Note to self: Those months of sleepless nights with newborns are no joke.
Soon, I had other children in my home—sometimes teenagers, sometimes infants. Some stayed for a week, some stayed for a year. Some were physically healthy, some had medical needs. The reasons for coming and the reasons for leaving ran the gamut. But in those years, the Lord started to do a work and grow a passion in my heart not just for the children served in the foster care system, but also for the families caring for them.
In the middle of this, I agreed to do respite care for a malnourished, developmentally delayed six-month-old. For a weekend, mind you. I figured, how hard could 48 hours with an extra baby be? Well, he came for the weekend, and he never left. I kid you not. It has now been 4 1/2 years.
Note to self: I think God’s still chuckling over this one.
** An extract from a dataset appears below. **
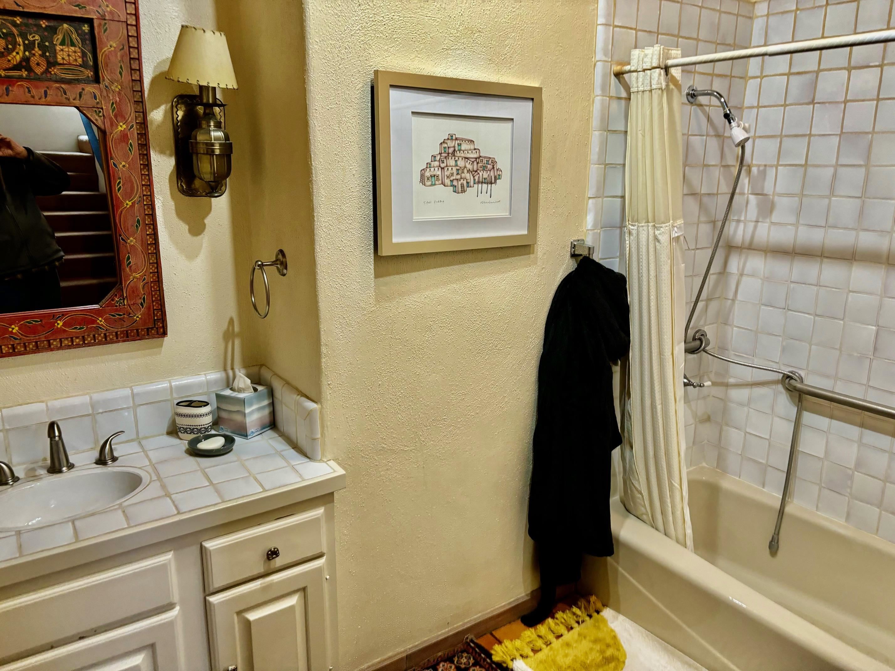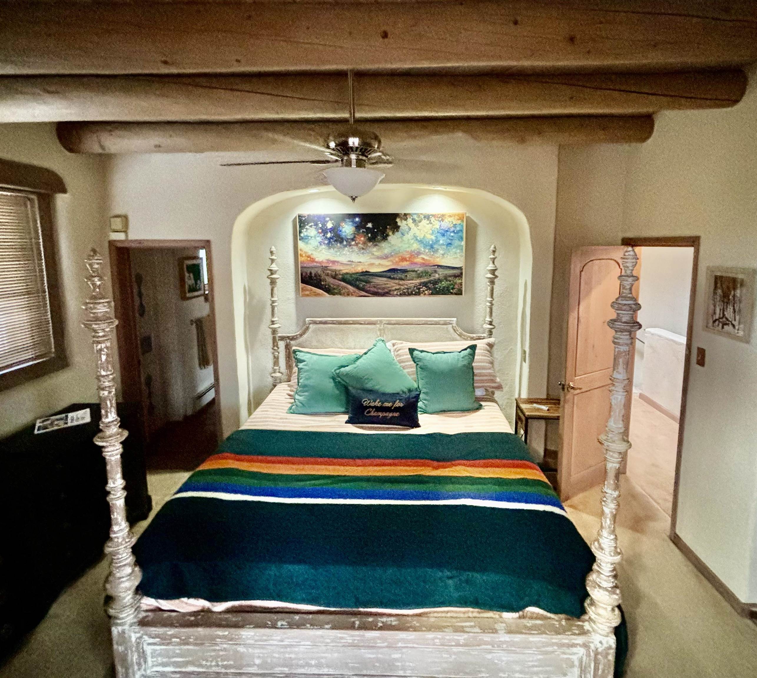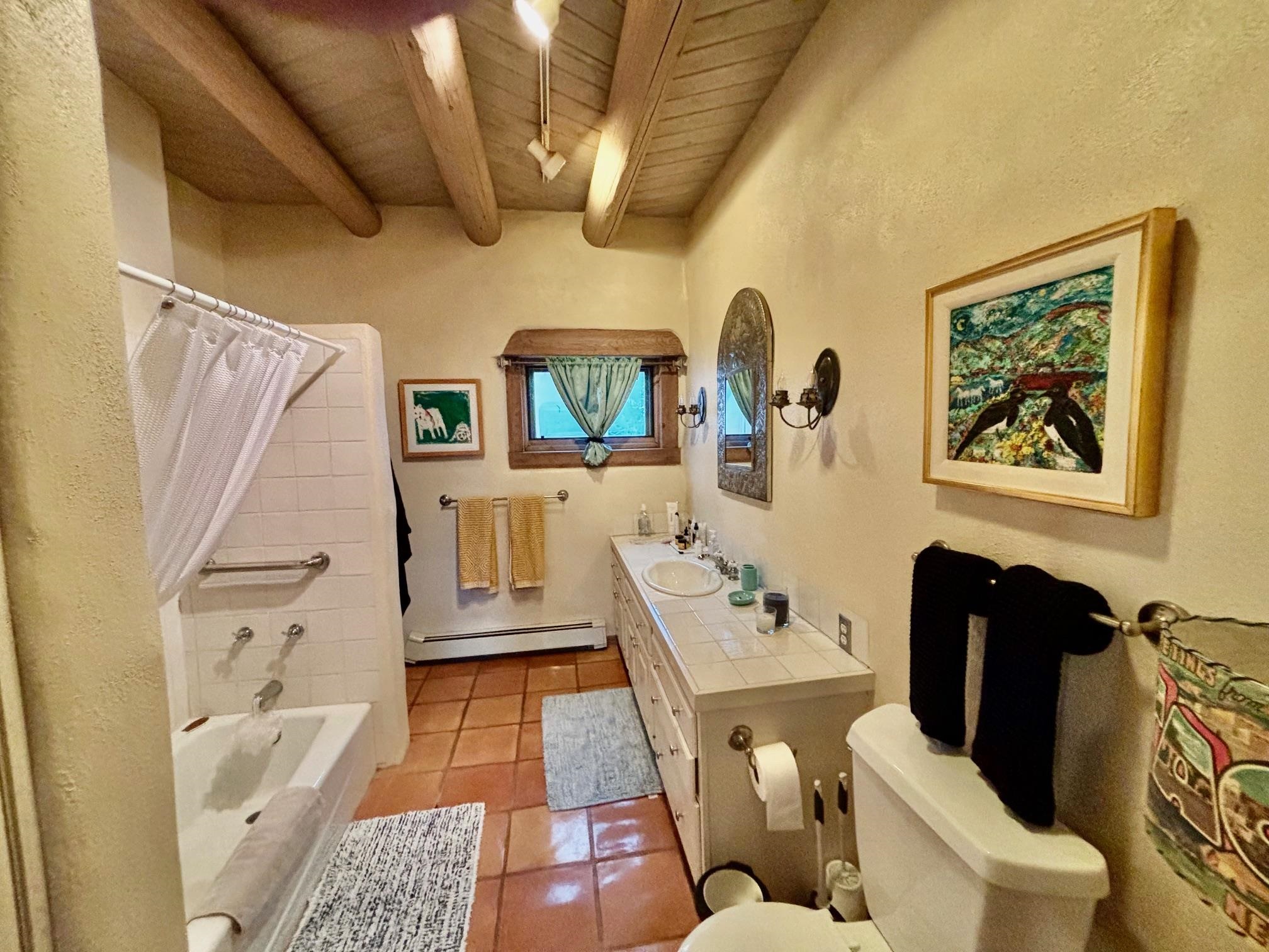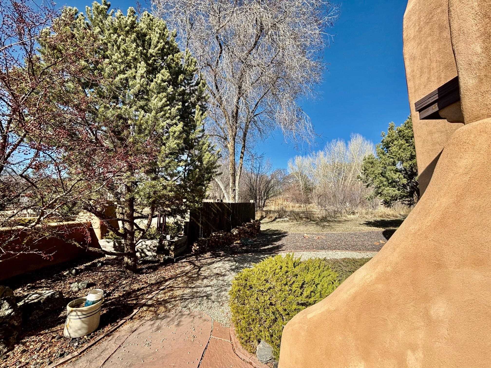 Authentic adobe house located near the historic Taos Plaza and Monte Sagrado. Located at the back end of Spruce Lane, a very quiet and secluded area. The adobe walls are thick. Features three bedrooms and two bathrooms. Two-story house. Features vigas throughout the house with tongue and grove wood. Floors feature wood and tile downstairs and carpet upstairs. The kitchen is large and features stainless steel appliances, built-in wine rack and white cabinets. The house has a formal dining room, and living room. One bedroom is downstairs and two bedrooms are upstairs. Washer and dryer are included. The house also features three fireplaces located in the living room, downstairs bedroom, and primary bedroom upstairs. The primary bedroom is cozy and double doors lead to a gorgeous sun room; plenty of windows and natural light. This room can be used in many different ways. The primary bedroom has a mini-split system for instant heating and air conditioning. The house has several multiple, large skylights. All this house is spread out over 2,188 square feet. The outside has superb landscaping including many trees, grass, flagstone patios and of course a free standing hot tub. This house is indeed a rare find. Come and see it. The square footage is not guaranteed by the seller or the broker so if this is of importance to the buyer then the buyer shall have the house measured by an expert.

As I cared for children in my home, I grappled with so many emotions as I heard their stories and saw how their needs affected my home. I grappled with how the joy I felt at the honor of mothering them came at the expense of another mother’s pain; I grappled with their intense emotional and developmental needs, and not having the resources to provide them; I grappled with severe loneliness as I walked a path that no one else seemed to be walking; I grappled with how I should respond to their big emotions as they tried to make sense of their lives. I also saw, first-hand, how children with so many challenges stacked against them could thrive with the consistent love, routine and attachment that living in a family-setting provided. Do they still struggle? Yes, but thrive, nonetheless.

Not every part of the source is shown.